• _Assigned task_:
Output only the stretch of the listing that starts at the line containing "即日起,您只需微信扫码添加佳" and ends at the line containing "Casio Women Analog", reproduced exactly with both ends.

• _Information_:
== Segment start ==

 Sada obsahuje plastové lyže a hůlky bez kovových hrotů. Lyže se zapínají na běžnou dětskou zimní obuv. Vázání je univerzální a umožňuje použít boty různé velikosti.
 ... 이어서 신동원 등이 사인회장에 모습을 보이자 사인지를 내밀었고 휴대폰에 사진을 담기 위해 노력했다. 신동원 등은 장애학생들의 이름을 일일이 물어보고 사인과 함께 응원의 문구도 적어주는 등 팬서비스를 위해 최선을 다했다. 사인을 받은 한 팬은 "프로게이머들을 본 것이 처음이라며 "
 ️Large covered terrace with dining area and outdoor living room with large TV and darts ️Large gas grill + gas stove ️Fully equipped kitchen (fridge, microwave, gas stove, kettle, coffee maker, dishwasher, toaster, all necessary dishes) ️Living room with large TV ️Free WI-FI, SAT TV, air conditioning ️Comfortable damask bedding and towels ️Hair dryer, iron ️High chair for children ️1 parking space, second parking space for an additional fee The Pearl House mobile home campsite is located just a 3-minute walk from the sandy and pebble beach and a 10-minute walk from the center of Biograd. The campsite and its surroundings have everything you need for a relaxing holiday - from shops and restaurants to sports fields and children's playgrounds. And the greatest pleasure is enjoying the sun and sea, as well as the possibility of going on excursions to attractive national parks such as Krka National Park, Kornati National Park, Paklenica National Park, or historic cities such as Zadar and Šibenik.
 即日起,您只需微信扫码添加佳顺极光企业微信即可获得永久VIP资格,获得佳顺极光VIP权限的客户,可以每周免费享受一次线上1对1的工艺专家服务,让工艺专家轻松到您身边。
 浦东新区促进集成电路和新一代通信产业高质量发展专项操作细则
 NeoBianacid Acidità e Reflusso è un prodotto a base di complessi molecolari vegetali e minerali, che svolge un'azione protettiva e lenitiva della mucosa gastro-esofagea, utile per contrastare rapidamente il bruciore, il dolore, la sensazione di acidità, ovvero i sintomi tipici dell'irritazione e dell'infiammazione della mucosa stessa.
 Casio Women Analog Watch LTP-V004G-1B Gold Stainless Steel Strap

== Segment end ==
== Segment start ==

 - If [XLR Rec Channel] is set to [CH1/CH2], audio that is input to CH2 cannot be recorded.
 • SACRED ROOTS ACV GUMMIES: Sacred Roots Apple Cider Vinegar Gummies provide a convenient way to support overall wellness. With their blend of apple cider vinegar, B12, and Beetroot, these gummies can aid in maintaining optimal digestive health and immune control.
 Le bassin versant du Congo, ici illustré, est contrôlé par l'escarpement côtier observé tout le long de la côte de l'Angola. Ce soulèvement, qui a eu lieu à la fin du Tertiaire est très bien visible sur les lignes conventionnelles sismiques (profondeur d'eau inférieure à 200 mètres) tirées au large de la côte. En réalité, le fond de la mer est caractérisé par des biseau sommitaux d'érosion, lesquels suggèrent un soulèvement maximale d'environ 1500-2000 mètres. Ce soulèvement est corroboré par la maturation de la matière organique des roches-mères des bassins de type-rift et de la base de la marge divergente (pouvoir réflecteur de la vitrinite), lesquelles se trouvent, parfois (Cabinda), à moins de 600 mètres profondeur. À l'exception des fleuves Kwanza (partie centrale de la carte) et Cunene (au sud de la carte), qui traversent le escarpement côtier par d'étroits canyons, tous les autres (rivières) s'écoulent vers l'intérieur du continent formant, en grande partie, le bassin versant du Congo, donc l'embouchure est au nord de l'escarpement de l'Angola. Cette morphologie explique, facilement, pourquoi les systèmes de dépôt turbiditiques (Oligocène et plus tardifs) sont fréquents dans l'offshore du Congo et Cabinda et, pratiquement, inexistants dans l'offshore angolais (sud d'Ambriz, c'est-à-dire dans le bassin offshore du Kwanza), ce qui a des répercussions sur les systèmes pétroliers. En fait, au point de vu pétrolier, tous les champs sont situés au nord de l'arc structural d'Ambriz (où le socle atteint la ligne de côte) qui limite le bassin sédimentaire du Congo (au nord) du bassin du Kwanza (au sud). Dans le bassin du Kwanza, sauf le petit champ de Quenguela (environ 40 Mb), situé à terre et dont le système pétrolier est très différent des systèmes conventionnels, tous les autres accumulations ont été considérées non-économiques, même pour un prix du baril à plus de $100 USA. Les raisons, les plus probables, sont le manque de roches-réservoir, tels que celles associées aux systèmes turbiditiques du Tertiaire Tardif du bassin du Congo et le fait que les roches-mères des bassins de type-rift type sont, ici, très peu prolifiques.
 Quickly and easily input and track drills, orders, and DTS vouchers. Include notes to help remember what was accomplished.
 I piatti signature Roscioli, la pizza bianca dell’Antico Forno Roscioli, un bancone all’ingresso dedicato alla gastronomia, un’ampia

== Segment end ==
== Segment start ==

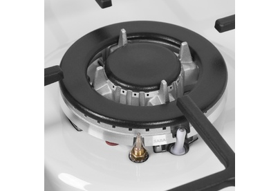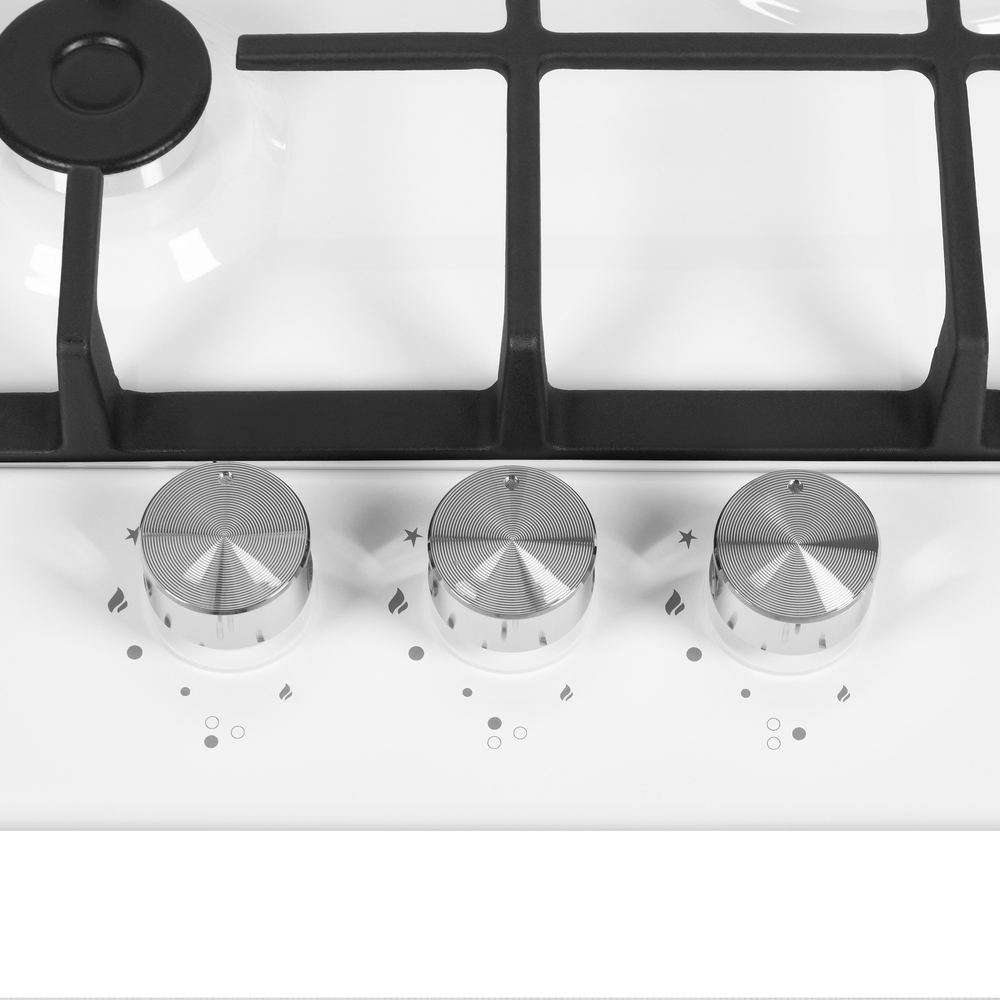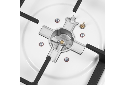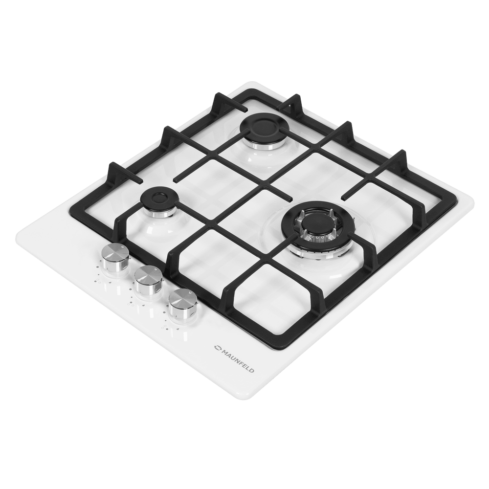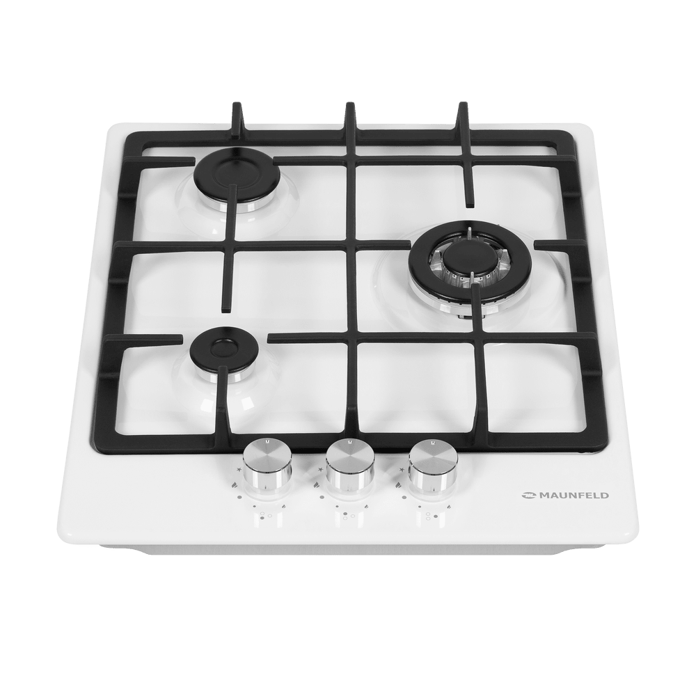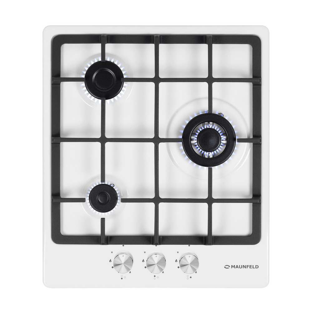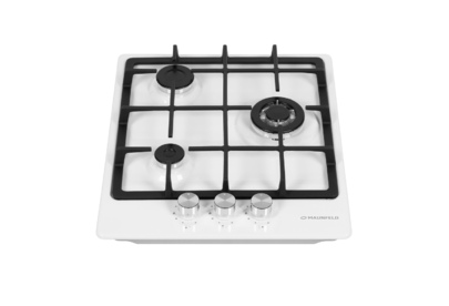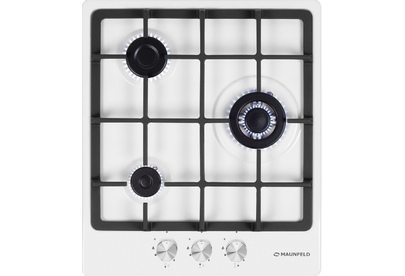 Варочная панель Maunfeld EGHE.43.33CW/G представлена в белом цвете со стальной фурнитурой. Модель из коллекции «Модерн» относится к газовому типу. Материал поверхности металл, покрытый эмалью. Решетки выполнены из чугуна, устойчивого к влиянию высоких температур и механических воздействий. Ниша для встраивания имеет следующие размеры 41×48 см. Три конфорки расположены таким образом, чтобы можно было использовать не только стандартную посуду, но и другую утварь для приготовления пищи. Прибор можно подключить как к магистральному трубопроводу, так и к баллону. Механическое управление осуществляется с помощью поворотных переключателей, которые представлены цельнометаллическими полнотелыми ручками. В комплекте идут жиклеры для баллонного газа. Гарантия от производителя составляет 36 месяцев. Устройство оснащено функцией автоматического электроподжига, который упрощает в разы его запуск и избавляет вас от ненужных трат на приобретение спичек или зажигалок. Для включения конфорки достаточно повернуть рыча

== Segment end ==

• _Task solution_:
 即日起,您只需微信扫码添加佳顺极光企业微信即可获得永久VIP资格,获得佳顺极光VIP权限的客户,可以每周免费享受一次线上1对1的工艺专家服务,让工艺专家轻松到您身边。
 浦东新区促进集成电路和新一代通信产业高质量发展专项操作细则
 NeoBianacid Acidità e Reflusso è un prodotto a base di complessi molecolari vegetali e minerali, che svolge un'azione protettiva e lenitiva della mucosa gastro-esofagea, utile per contrastare rapidamente il bruciore, il dolore, la sensazione di acidità, ovvero i sintomi tipici dell'irritazione e dell'infiammazione della mucosa stessa.
 Casio Women Analog Watch LTP-V004G-1B Gold Stainless Steel Strap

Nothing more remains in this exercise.